I got this running on a 128GB M5 the other day - pretty painless, model runs in about 80GB of RAM and it seemed to be very capable at writing code and tool execution.

▲ chatmasta 14 minutes ago | parent | next [-]

So you’re saying I should buy the M5? :) I’ve been resisting, thinking I’ll never use it… it’ll be better in a year… I’ll wait for the Studio (do we still think that’s coming in June?)… etc.

▲ perfmode 2 hours ago | parent | prev [-]

How’s the token throughput / response time?

▲ simonw 2 hours ago | parent [-]

Healthy!

  prefill: 30.91 t/s, generation: 29.58 t/s

From https://gist.github.com/simonw/31127f9025845c4c9b10c3e0d8612...

▲

embedding-shape 2 hours ago | parent | next [-]

Comparison with a RTX Pro 6000, with DeepSeek-V4-Flash-IQ2XXS-w2Q2K-AProjQ8-SExpQ8-OutQ8-chat-v2-imatrix.gguf:

prefill: 121.76 t/s, generation: 47.85 t/s

Main target seems to be Apple's Metal, so makes sense.
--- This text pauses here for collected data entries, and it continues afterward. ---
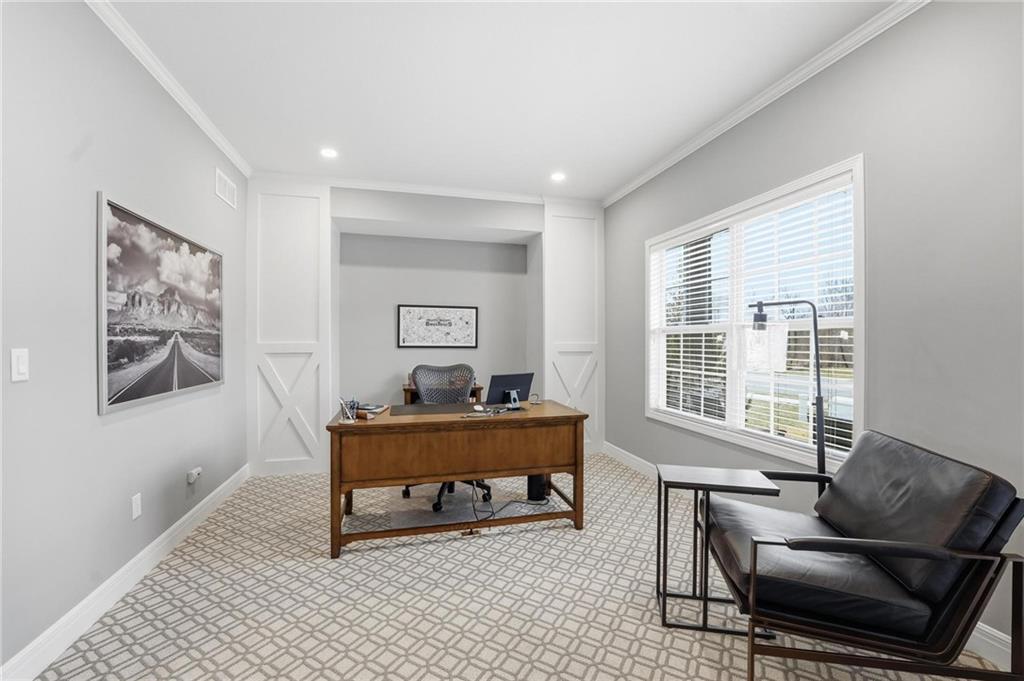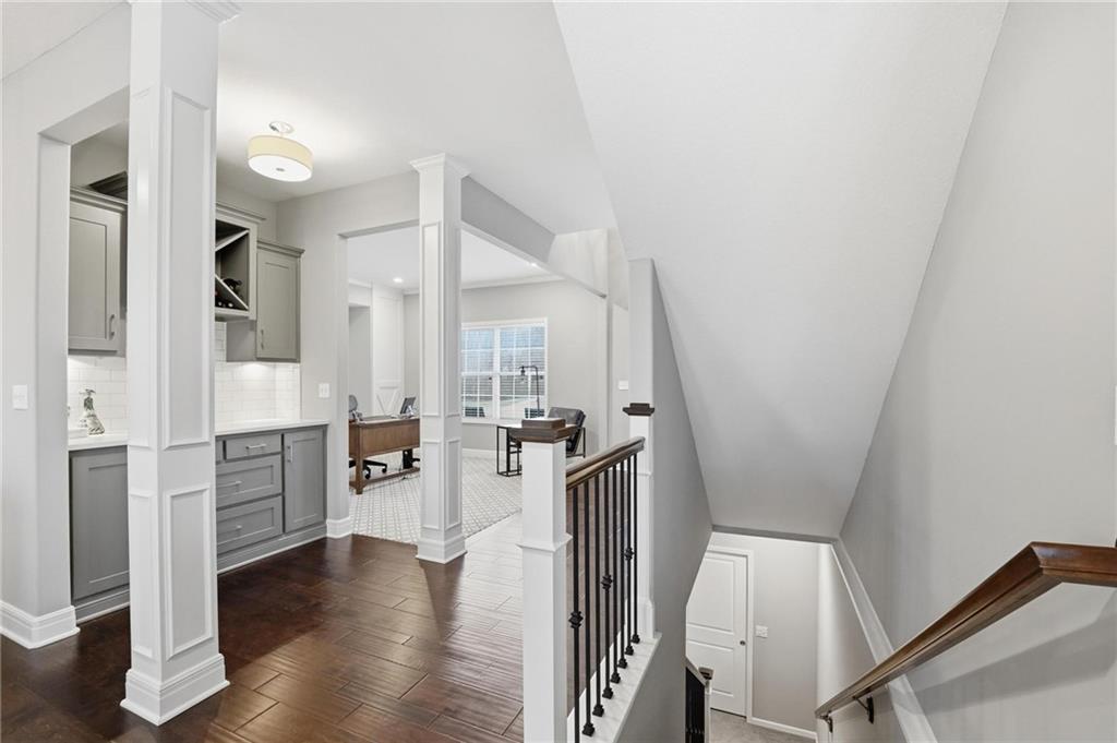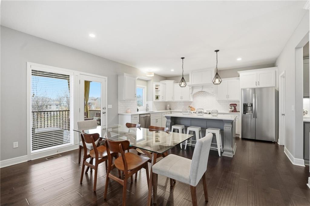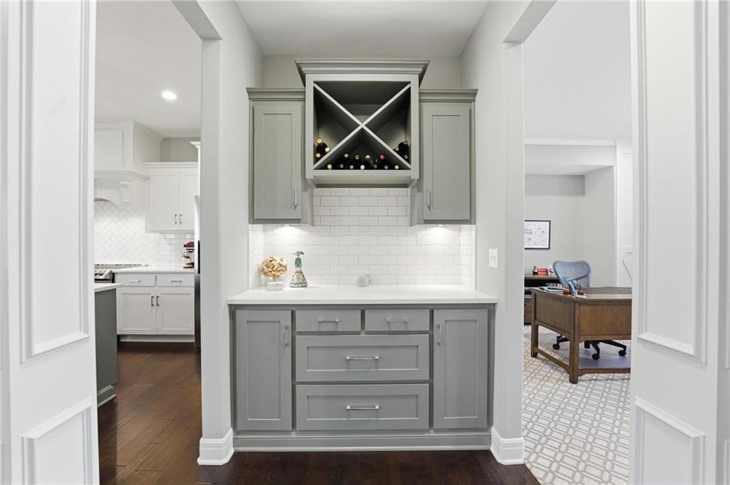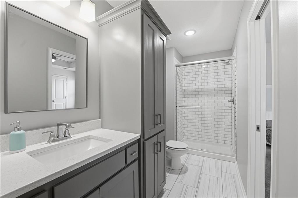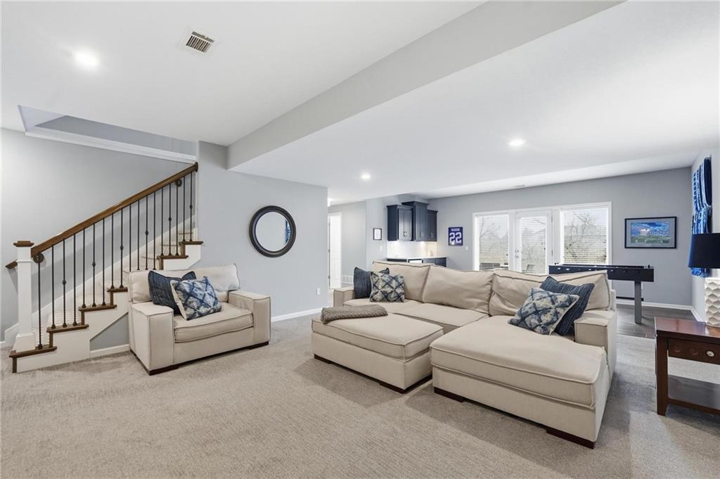 Better than new and thoughtfully designed, this beautiful 2-story home in the desirable Chapel Ridge subdivision offers space, comfort, and scenic views. From the moment you enter, you’re welcomed by a formal dining area perfect for gatherings and special occasions. Just beyond, a convenient butler’s pantry leads into the light-filled kitchen featuring quartz countertops, a large center island, pantry, and plenty of workspace. The adjoining breakfast area provides a comfortable spot for everyday dining. Step outside to enjoy the covered, screened-in Trex deck with sleek metal railings—designed for low-maintenance living—overlooking the fenced backyard and peaceful pond view. The kitchen and breakfast area open seamlessly to the inviting family room, highlighted by a stunning stone fireplace with built-in shelving and cabinetry. All four bedrooms are located on the second floor, each generously sized with ample closet space and direct access to a full bathroom. The oversized primary suite offers a relaxing retreat with double vanities, a jetted tub, dual-headed shower with bench, and a spacious walk-in closet with convenient access to the laundry room. The finished basement expands the living space with a comfortable living area, dry bar, room for game tables, a full bathroom, and a storm shelter, along with abundant storage. With beautiful finishes, functional design, and tranquil pond views, this home truly offers the best of modern living in Chapel Ridge.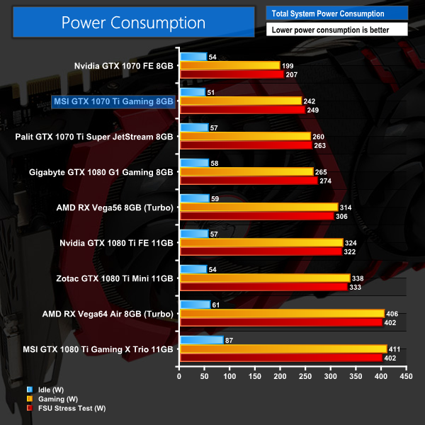 Not surprisingly, both GTX 1070 Tis draw more power than a 1070 and less than a 1080. Of the two, the MSI card is marginally less power hungry – though that is perhaps to be expected given its performance was always slightly behind that of the Palit.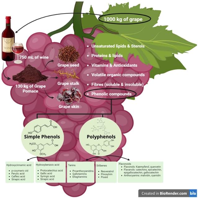 图1. 葡萄渣中呈现的增值化合物。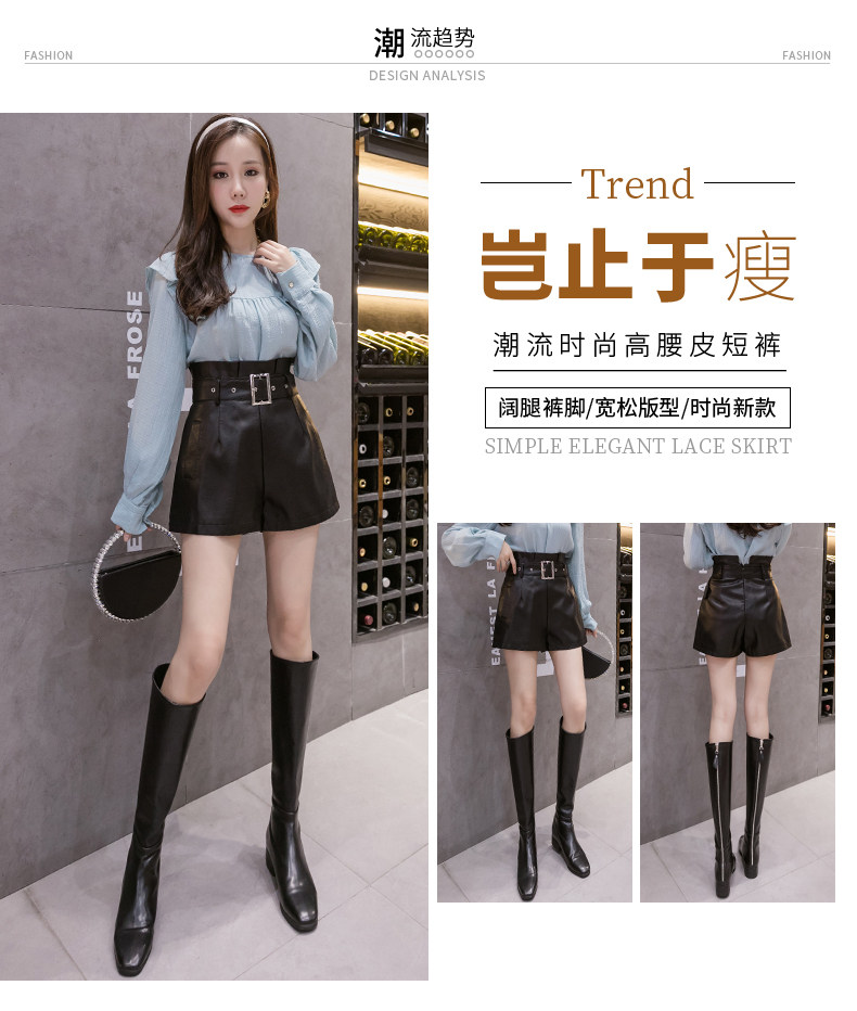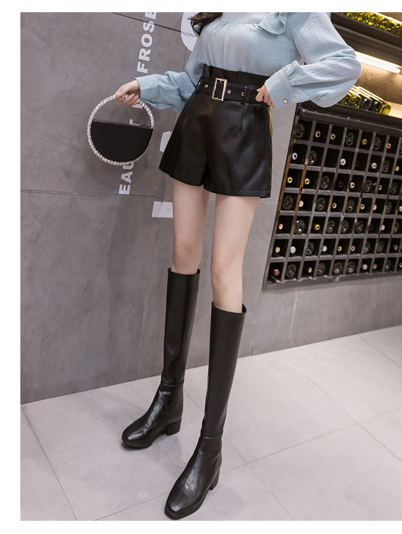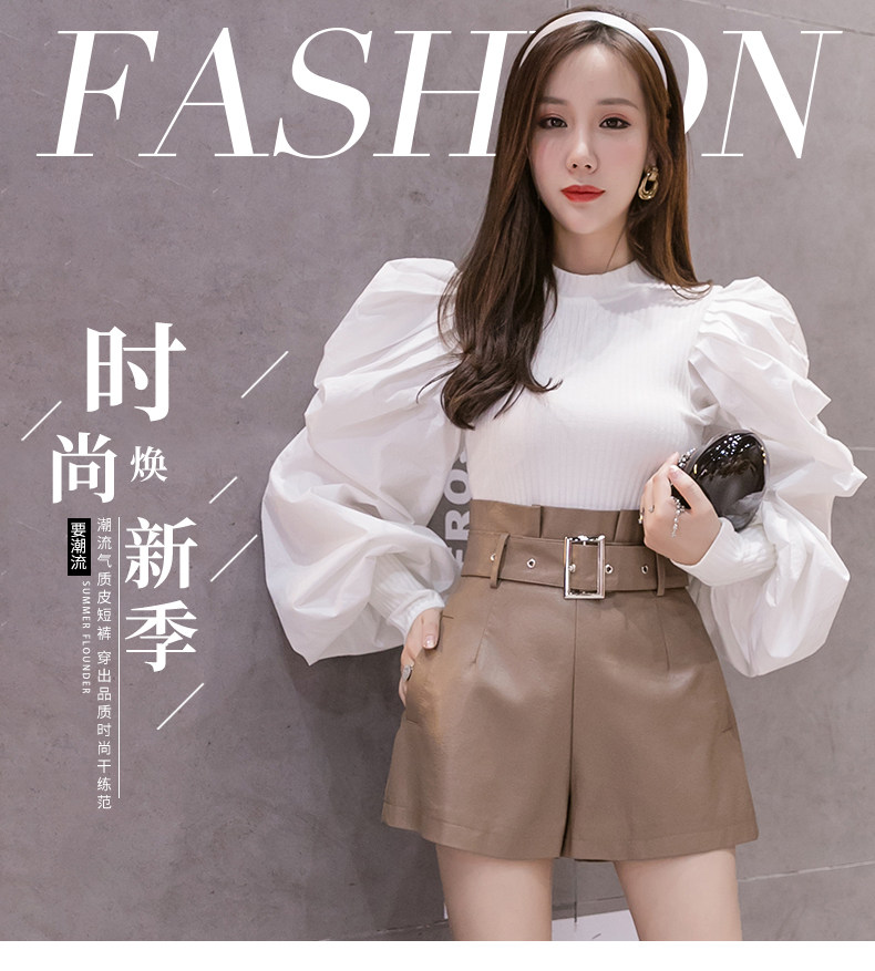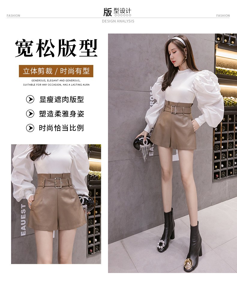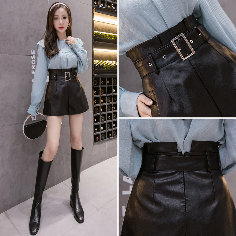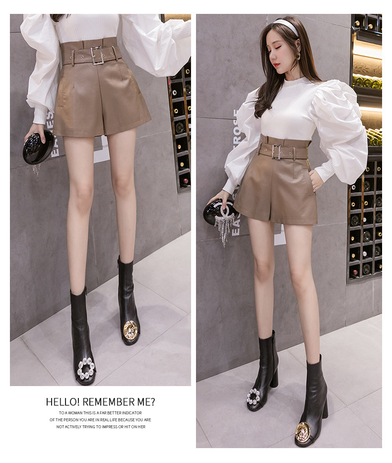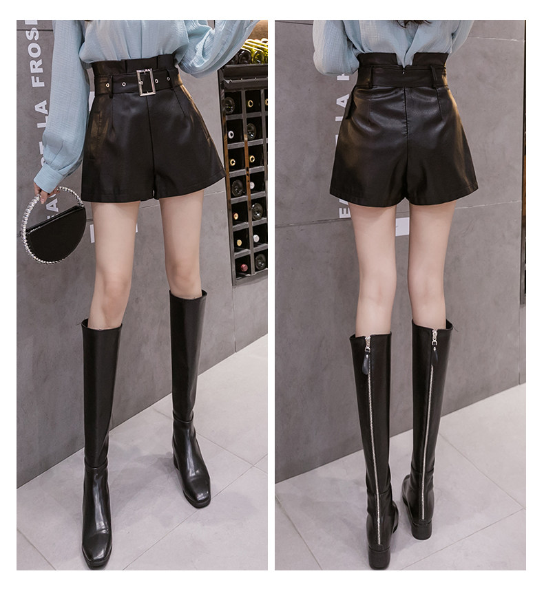 Полиуретановые осенние шорты, штаны, коллекция 2023, высокая талия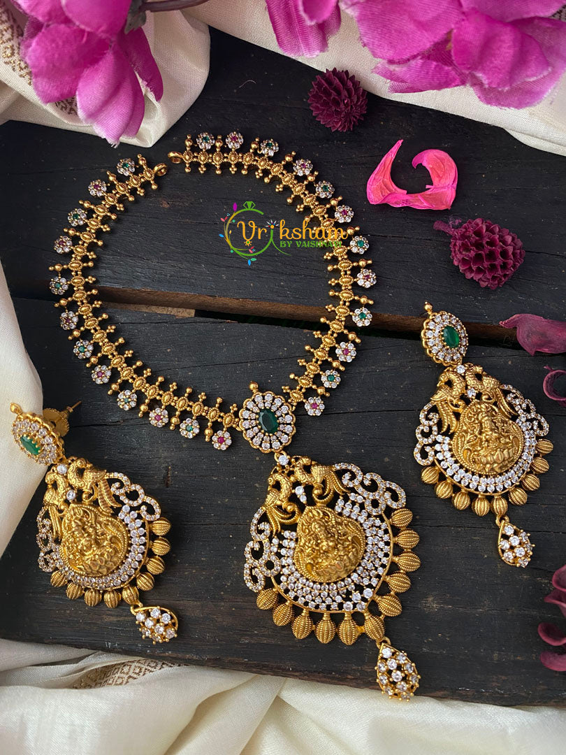 Premium AD Stone Floral Temple Neckpiece with flowers of red and green stone and lakshmi pendant and ear hangings.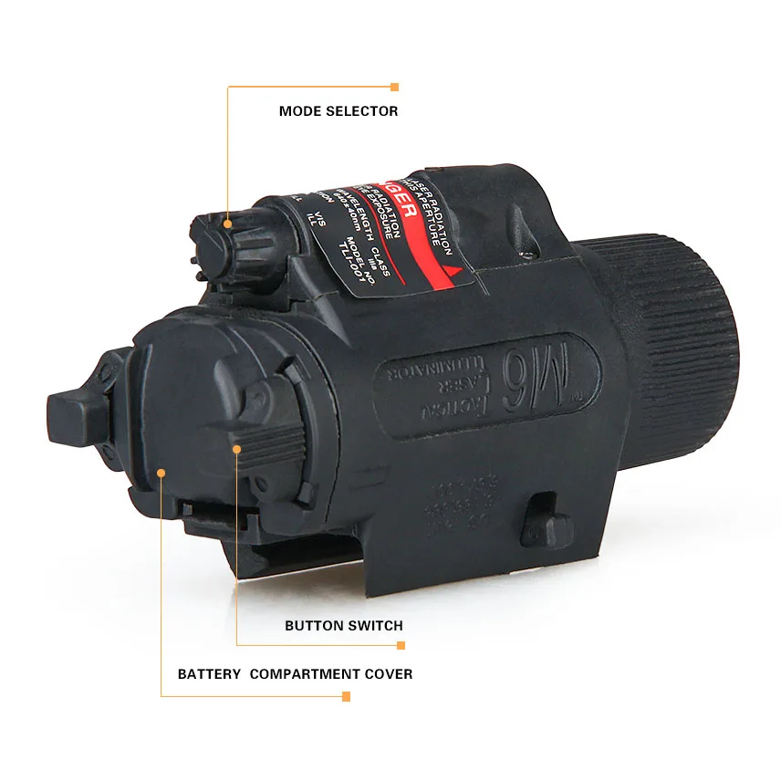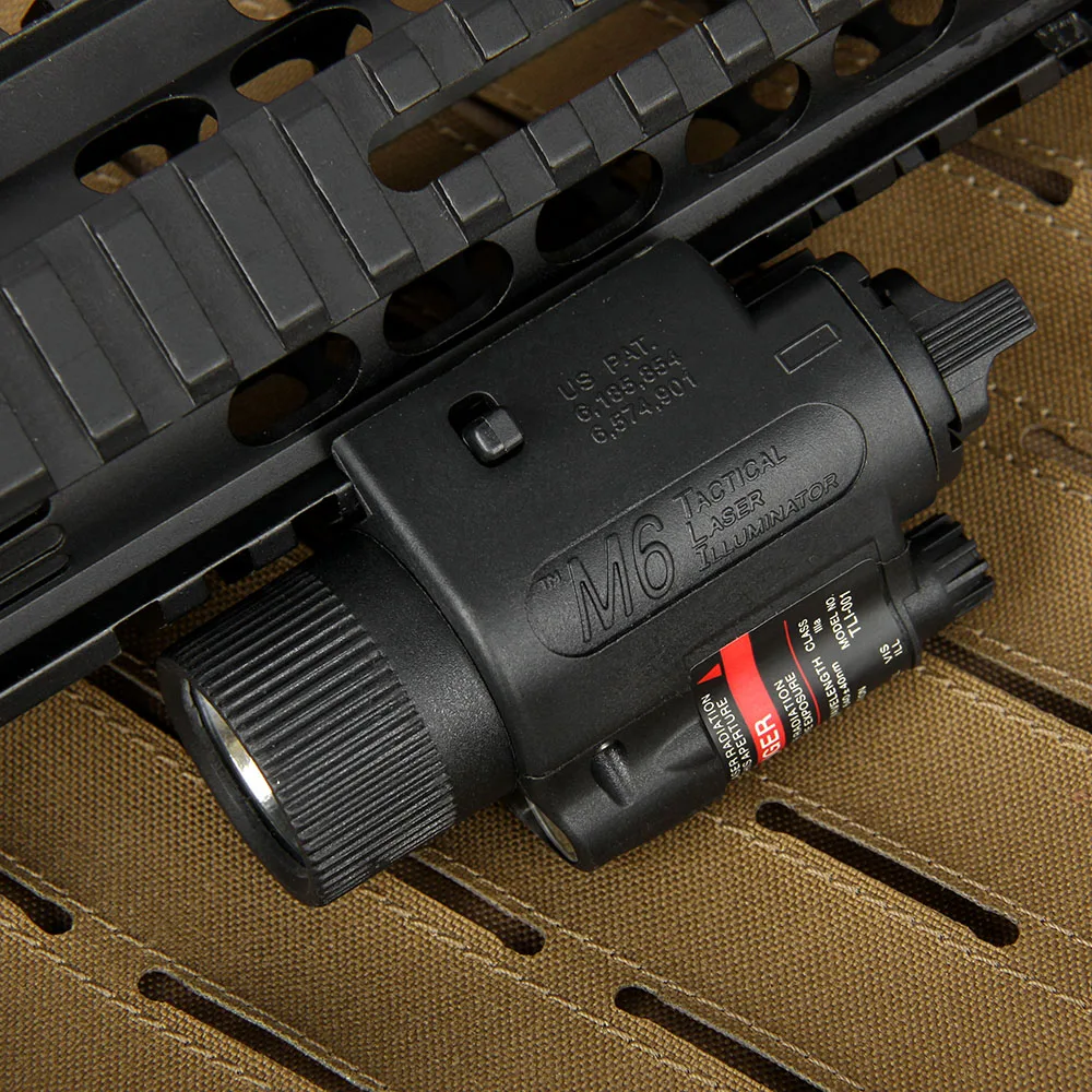 Тактический световой/лазерный блок M6 заработал впечатляющую репутацию благодаря прочному и надежному обслуживанию со стороны многих удовлетворенных конечных пользователей. Он оснащен системой крепления скользящего замка, галогенная лампа с пиковым выходом 90 люмен белого света, ярко-красный лазерный прицел, сменная задняя пластина и время работы 1 час. Есть 4 различных режима активации на выбор: только осветитель, только лазер, и ВЫКЛ. Питание от двух литиевых батарей 123A (НеВходит в комплект).
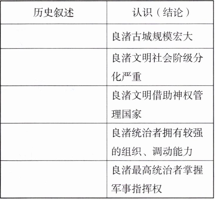 【解析】第(1)问考查学生对典型考古发现器物的认知,通过实物史料了解良渚古城、陶寺古城作为早期国家的历史地位。第(2)问考查学生提取历史信息的能力、培养史料实证和历史解释核心素养。本题提供历史叙述与历史认识材料,学生从历史信息中提取出良渚古城遗址作为早期国家的判断理由,并与第(1)问相结合,掌握早期文明的基本特征,初步认识历史叙述和历史认识之间的区别与关系。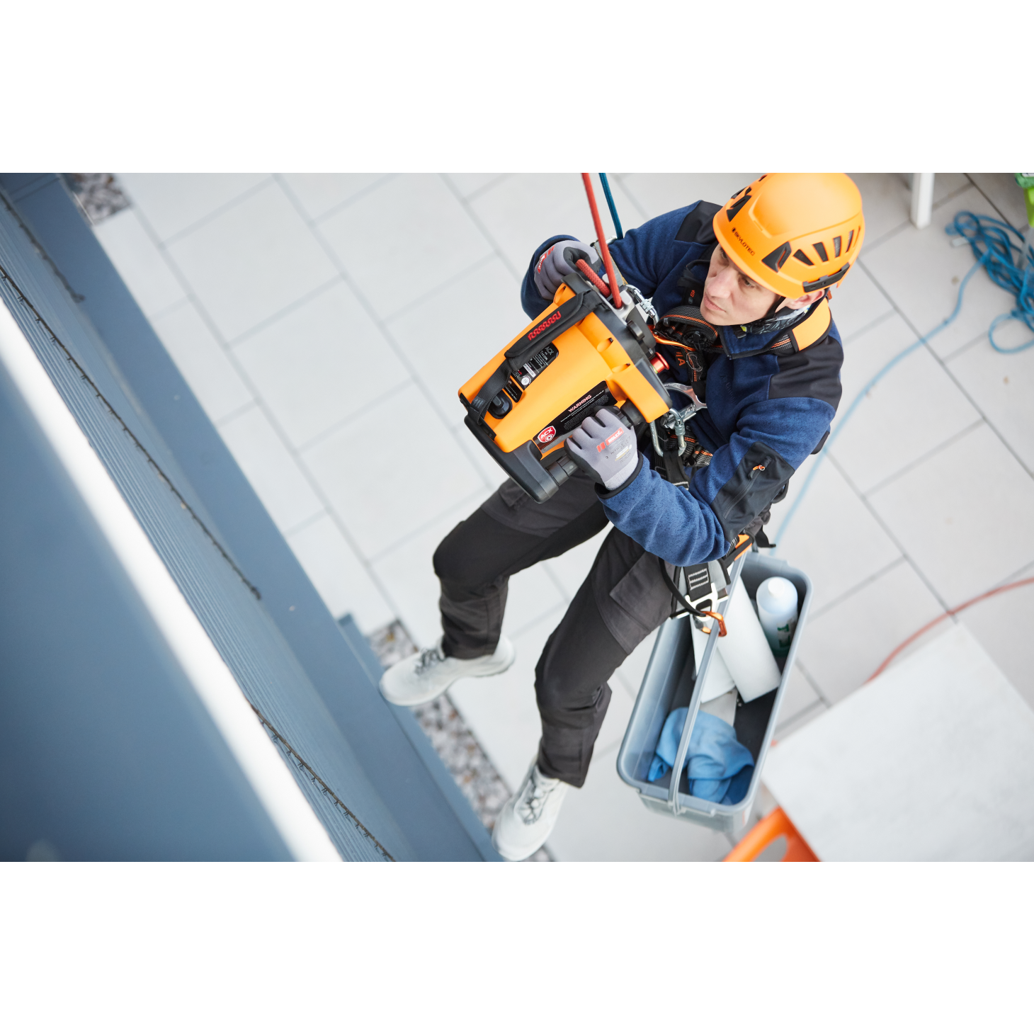 ACX se utiliza, entre otras cosas, para la limpieza de fachadas o ventanas, para el mantenimiento de estructuras de edificios complejas, para el mantenimiento de palas de aerogeneradores o para el transporte de cargas en mástiles. El ACX POWER ASCENDER simplifica y acelera considerablemente el trabajo en estructuras complejas y hace superfluos los costosos sistemas de acceso o plataformas elevadoras. Innumerables escenarios de rescate también se pueden llevar a cabo de manera eficiente y con el mínimo esfuerzo con el ACX. Forma un sistema altamente flexible para una limpieza o mantenimiento fácil y rentable. En caso de emergencia, el ACX se puede controlar por control remoto. El funcionamiento y uso del ACX se puede aprender en cursos de formación especiales. – Simplifica y acelera el trabajo en estructuras de difícil acceso – Aplicación cuidadosa – Control por control remoto hasta 150 mts. CARACTERÍSTICAS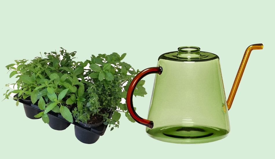 Mooie glazen gieter, zowel praktisch als decoratief. Met inhoud van 1 liter en verkrijgbaar in groen met oranje of in donkergroen met roze. Hübsch Flora Gieter 1 liter (24 cm hoog) voor € 29,99 bij dalivo.nl.

Might be fun to see how fast one could make it go though :) The model seems really good too, even though it's in IQ2.

▲

xienze 2 hours ago | parent | prev [-]

I don't want to be a jerk but 31t/s prefill is basically unusable in an agentic situation. A mere 10k in context and you're sitting there for 5+ minutes before the first token is generated.

▲

fgfarben an hour ago | parent | next [-]

That prefill number isn't right. M4 Max hits 200-300: https://github.com/antirez/ds4/blob/main/speed-bench/m4_max_...

▲

aiscoming 2 hours ago | parent | prev [-]

if it's just the coding agent system prompt and tools, you can cache that

	▲	xienze 2 hours ago \| parent [-]
		Yeah the problem is that's just the start of the context. There's, you know, all the tool call results and file reads and stuff.